И она училась. А еще подумала, что сумеет как-то и Кузьме помочь, ведь он ей всегда помогал. Не с математикой, конечно, с этим у Кристины никак не складывалось. Не давались ей цифры. И вот тут ей тайком от остальных помогал Кузьма, зачастую просто решая все примеры для Кристины, тогда как для себя даже не удосуживался писать домашние работы. Еще в пятом классе у Кузьмы случился конфликт с учителем. И теперь все, что он знал – было скорее вопреки, а не благодаря происходящему на уроках. Математика была его стихией. Он цифры не видел – он их понимал, «управлял» ими, как казалось маленькой Кристине. Для нее это было магией. Настоящей. Более того, Кузьма как-то умудрялся еще и ей объяснить все непонятное. И куда проще, чем это делал учитель в школе.

Но и она вскоре поняла, что может помочь другу. Так же легко, как Кузьме математика, Кристине давались языки и большая часть гуманитарных наук. Она обожала все, что могла только узнать о природе, потому, прочитав свои учебники наперед, чтобы порадовать маму, добралась и до книг друга, по большей части ему просто не нужных. Год за годом она учила и свое, и что-то его. Для него же, чтобы помочь, начала читать и историю. Нельзя сказать, что Кристина была гением и училась впереди программы.

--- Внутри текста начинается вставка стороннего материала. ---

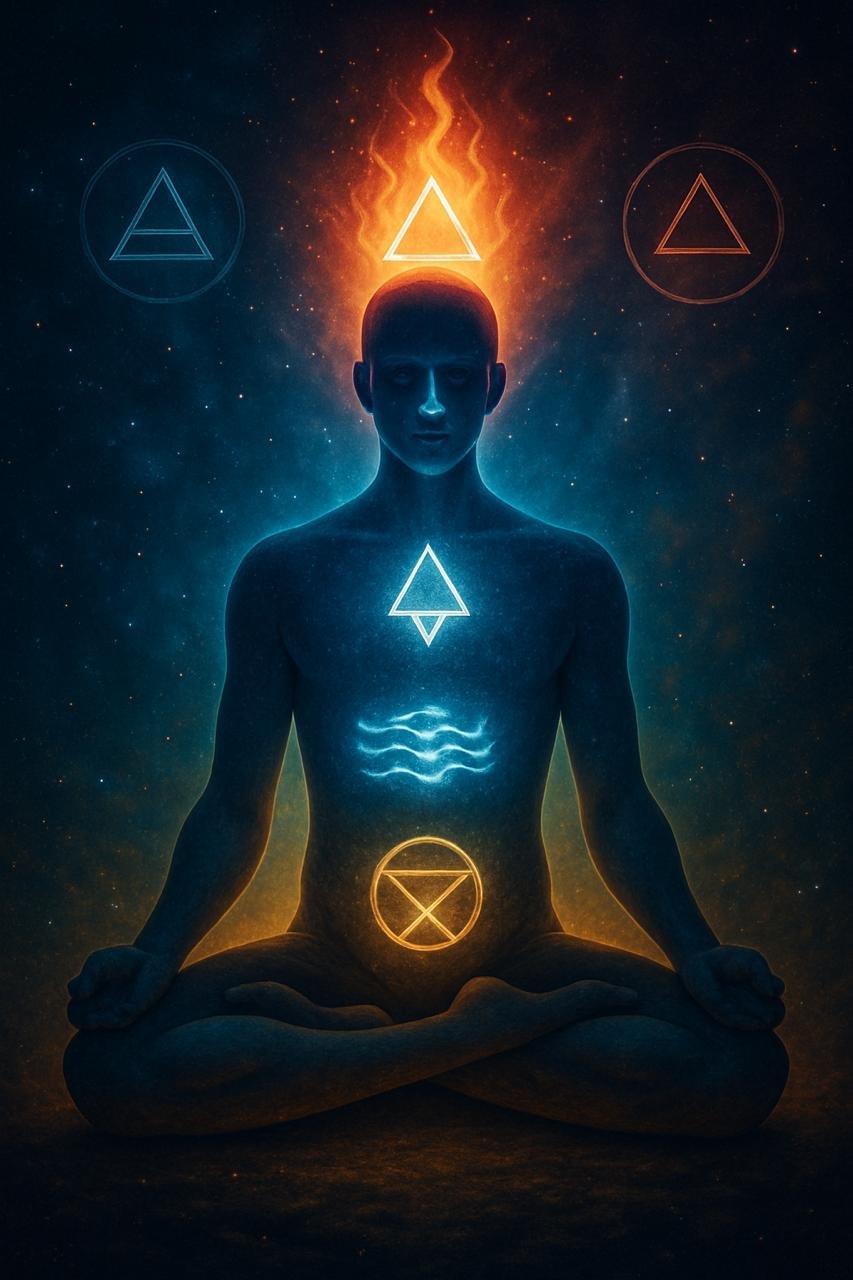 هو تمرين روحي-طاقي مستوحى من فنون الخيمياء الباطنية القديمة، يُستخدم لشحن الجسد الأثيري والجسم المادي عبر تفعيل العناصر الأربعة الكبرى: 🔥 النار، 💨 الهواء، 💧 الماء، 🌍 التراب.

И близко нет. Она просто очень хотела помочь Кузьме, которого, наверное, в тот момент считала старшим братом, практически. У нее не было никого дороже мамы и Кузьмы. И тети Маши, конечно. И потом, даже ее, в чем-то детские, конечно, сочинения, написанные в четвертом классе, были куда лучше пустого места в тетради, которое так бы оставил Кузьма. По крайней мере, даже зная, что это не он писал, учителя ставили ему оценки. Да, это были «тройки». Но его ни разу не оставили на второй год, сколько бы ни грозились. Не хотели “зарубить” на корню все шансы не глупому же парню.

Вот так однажды Кристина и поняла, что Кузьма ей не просто «друг и брат». Когда взяв его тетрадь по языку, чтобы написать очередную «домашнюю работу», увидела засунутую между листов записку. В которой просто и ненавязчиво Кузьме предлагали прийти в гости к однокласснице вечером, когда у той никого дома не будет.

Кристине тогда было одиннадцать, Кузьме – шестнадцать. Она была для него малышкой, которую надо было оберегать и за которой необходимо следить, для которой он каждый день покупал ее любимые булки, экономя ради этого на сигаретах, которые тайком от матери стал курить. А Кристина готова была объедаться сдобой, лишь бы он меньше курил. Хоть и ни за что не выдала бы секрет старшего друга взрослым. Он же был для нее… Кристина не знала – кем? Всем? Нет. Еще нет. Не тогда. Но очень многим.

Она даже осознанно не понимала, что именно заставил ее испытать этот клочок бумаги в клеточку, выдранный из чьей-то тетради? И как называется та боль, которая начала разъедать в тот момент ее живот изнутри.

Но тогда что-то навсегда изменилось в ней, в ее восприятии Кузьмы.

Хотя по-настоящему все стало иным в тот день, когда он вернулся из армии…

Глава 4

– Малыш? – Кузьма прищурился, внимательно всматриваясь в ее лицо.

Она медленно и как-то сонно моргнула, словно была не здесь сейчас. Вздохнула, принявшись растирать лицо.

Кристина была на пределе. На тонкой грани перед срывом.

Он точно знал, куда смотреть и на что обращать внимание, чтобы в полной мере оценить ее состояние. И то, что Кузьма видел сейчас – реально выбешивало что-то у него внутри. И заставлял нервничать, напряженно сжиматься нечто внутри грудной клетки. То, чем всегда безраздельно владела только эта женщина.

Куда смотрит Карецкий, мать его за ногу?! Чем думает, когда позволяет Кристине дежурить через день? Он что, действительно не в силах оценить, что она работает уже на износе? Так он сместит Руслана с должности главврача, чтобы был внимательней, и дело с концом! Может, тогда глаза раскроются?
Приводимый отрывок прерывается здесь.